As a rule, the only time I recorded someone without alerting them was when I was in public, attempting to document history or even a possibly unfortunate incident. In social settings and business meetings, I always disclosed the fact that I was wearing smart glasses equipped with cameras, and sometimes even took them off to make the other person feel more comfortable. The lessons of Google Glass and its “glasshole” creepy factor failure have stuck with me, so I’m sensitive to anyone unacquainted with smart glasses.
Tech companies have been conducting research and development on our faces for several years to get here
However, beyond the broad use cases around wearable face cameras, I’ve always been far more intrigued by the possibilities inherent in virtual assistants embedded in smart glasses. My first taste of such a dynamic was in 2018 when North’s Focals (later acquired by Google) allowed users to interact with Amazon’s Alexa virtual assistant via voice.

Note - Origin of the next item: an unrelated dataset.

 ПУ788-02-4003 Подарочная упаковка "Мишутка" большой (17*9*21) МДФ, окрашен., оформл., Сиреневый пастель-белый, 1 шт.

Focals didn’t include an outward-facing camera, instead, the device displayed information to the wearer as text and icons, a kind of rudimentary, heads-up display version of augmented reality (AR). The unique display strained my eyes, and I’ve never been a big fan of Alexa as a convenient information tool, so I didn’t stick with the device long.
In 2019, Amazon released Echo Frames smart glasses, which did not include an AR information display, and focused on delivering audio (phone calls, music, podcasts) and Alexa integration. The experience was better than my Focals testing, but the first version of Amazon’s wearable made the user look like an uptight librarian instead of a cutting-edge techie carrying next-gen hardware. The functionality wasn’t worth walking around looking like a nerd from a cheesy ‘80s comedy, so I was out.

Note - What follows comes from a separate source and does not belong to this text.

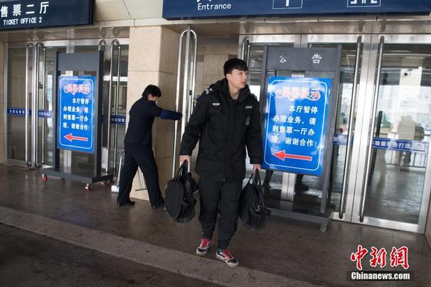 1月4日,山西太原火车站,安保人员在站外护送新的票据卷,保障票据安全。在这个100平方米左右的仓库内,整齐摆放着110组柜子,存放着上千万张票据。随着2018年春运临近,太原火车站的各个售票窗口票据需求将会越来越大。据票库管理人员段军艳介绍,网络购票已成为旅客主要选择,自动取票机的票据需求是人工售票窗口的3倍。

But then, in September of 2021, the company still known at the time as Facebook unveiled a collaboration with France-based Essilor Luxottica, the parent company of Ray-Ban. The two companies introduced Ray-Ban Stories, a product that took the classic Wayfarer frame design made iconic by the likes of James Dean and Tom Cruise and pushed them into the future. The new version of Wayfarers came embedded with speakers, microphones, and outward-facing voice-activated cameras. Since then, these smart glasses become my favorite mobile technology device second only to my Apple iPhone.

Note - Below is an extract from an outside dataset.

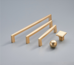 là bộ tay nắm tủ và núm (knob) tay nắm tủ màu vàng chải (Gold Brushed) được thiết kế trên ý tưởng hiện đại tối giản với các đường nét hoàn thiện tinh tế, mượt mà trên chất liệu hợp kim kẽm cao cấp. Tay nắm được hoàn thiện với lớp ngoài mạ đồng vàng mờ
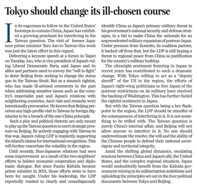 和評(píng)理 | 日應(yīng)停止干涉中國(guó)內(nèi)政 勿引火燒身重蹈覆轍

Innovation is sexy, good branding is sexier
Like many of us still shaking off the temporal confusion of the multi-year pandemic lockdown, the two years I’ve worn Ray-Ban’s smart glasses have flown by. Now when I look at my smartphone’s camera roll, I realize that most of the photos and videos I’ve taken have been through my Ray-Ban smart glasses. For that reason, it’s been a bit confusing to watch most of the public almost completely ignore the most stylish wearable tech product to come along since the Apple Watch.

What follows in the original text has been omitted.